Reza a lenda que Robert Johnson, icónica figura do Blues, vendeu a alma ao diabo em troca de um talento musical ímpar. Mais especificamente, a história refere que à meia-noite, numa encruzilhada, um homem vestido de preto (o Mafarrico) lhe afinou a guitarra, tocou umas modinhas e passou a sua mestria para as mãos e mente de Johnson.

Pois posso-vos dizer que isto é uma grande treta. Ainda ontem vendi a alma ao diabo e ele vinha em tons de azul. Azul-escuro é verdade, mas nem um daltónico poderia confundir com preto. Mas tonalidades à parte, que isso é irrelevante.

Já à bastante tempo que pensava em fazer isto. Finalmente tive a oportunidade de o concretizar. Ainda se colocou a hipótese de fazer um leasing mas achei que já que estávamos a falar da alma de uma pessoa ao menos que fosse algo em definitivo.

Cheguei à encruzilhada já passava da meia-noite. Felizmente Satanás também se tinha atrasado e acabava de chegar. Após a já típica conversa sobre o trânsito alfacinha prosseguimos para aquilo que verdadeiramente interessava.

Não me fazendo fraco nesta negociação virei-me para ele dizendo:

-Como é que eu sei que você é mesmo o diabo? Eu nem acredito em tal figura.

Ao que ele respondeu:

-Oh meu amigo, eu também não acreditava que hoje chovesse depois dos dias bonitos que tivemos em Março e veja como o tempo se pôs.

Fiquei logo sem argumentos. E se duvidas tivesse, foram logo postas de parte. Mostrou-me o seu diploma da licenciatura de direito, um mestrado em teologia, a tatuagem de uma claque de futebol, o seu cartão de filiação num partido politico e o de funcionário da ASAE. Percebi imediatamente que estava perante uma figura de uma malvadez superior.

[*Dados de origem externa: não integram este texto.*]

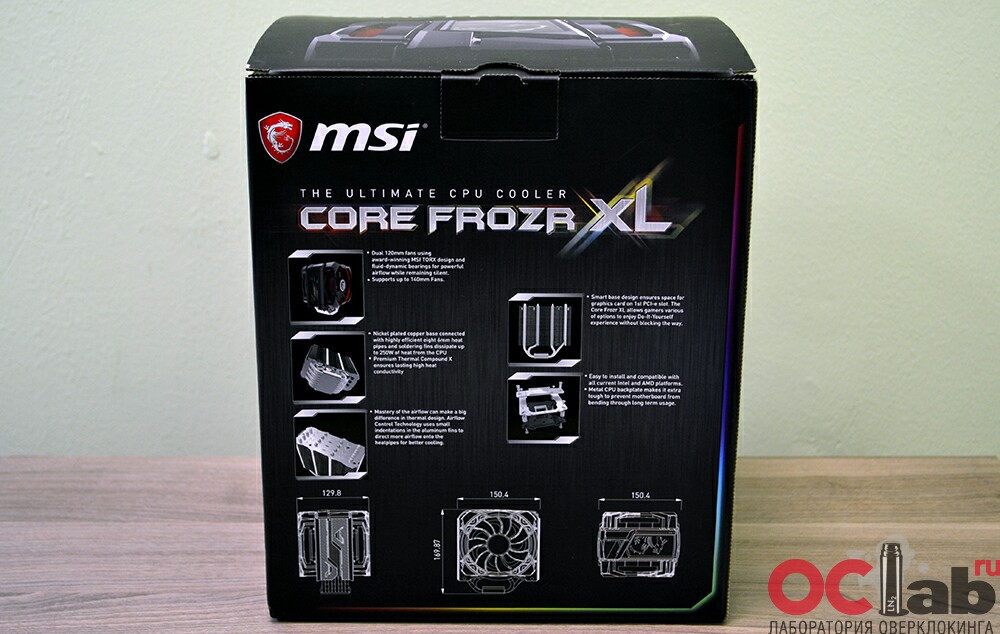 Кулер MSI CORE FROZR XL поставляется в большой красивой коробке, оформленной в фирменном стиле компании. Упаковка вместе с содержимым получилась довольно увесистой, почти 2 кг «никелированного счастья». Помимо того, что упаковка красивая она еще и информативная, производитель постарался разместить на ней всю полезную для пользователей информацию.

O acordo foi bastante rápido e, diria eu, bastante proveitoso para a minha parte. A minha alma condenada até à eternidade pela realização dos meus desejos terrenos. Considero que fiquei a ganhar duas vezes. Se por um lado garanti uma existência bem mais proveitosa por outro assegurei a minha entrada pelas portas do Inferno. Desde muito novo que sempre sonhei ir lá parar depois de esticar o pernil. O Céu sempre me pareceu profundamente aborrecido e com uma aragem desagradável. Por outro lado o Inferno apresenta-se pleno de vantagens. É mais aconchegante, pode-se fumar e ao menos conheço alguém. Se fosse parar ao Céu não conhecia ninguém. Tinha de estar a fazer amigos outra vez e toda a gente sabe que amizades duradoiras não se constroem assim, sem mais nem menos.

E mais. Tudo aquilo que é bom está nas profundezas do Inferno. Todos os pecados lá estão, e em dose reforçada. Posso ter sido levado ao engano, eu sei. Pode ser como qualquer local turístico. Óptimo para passar férias mas péssimo para lá se viver. Seja como for ou era isso ou andar feito parvo de nuvem em nuvem a tocar harpa na companhia de anjos assexuados. Venham as chamas do Inferno e o resto que se foda.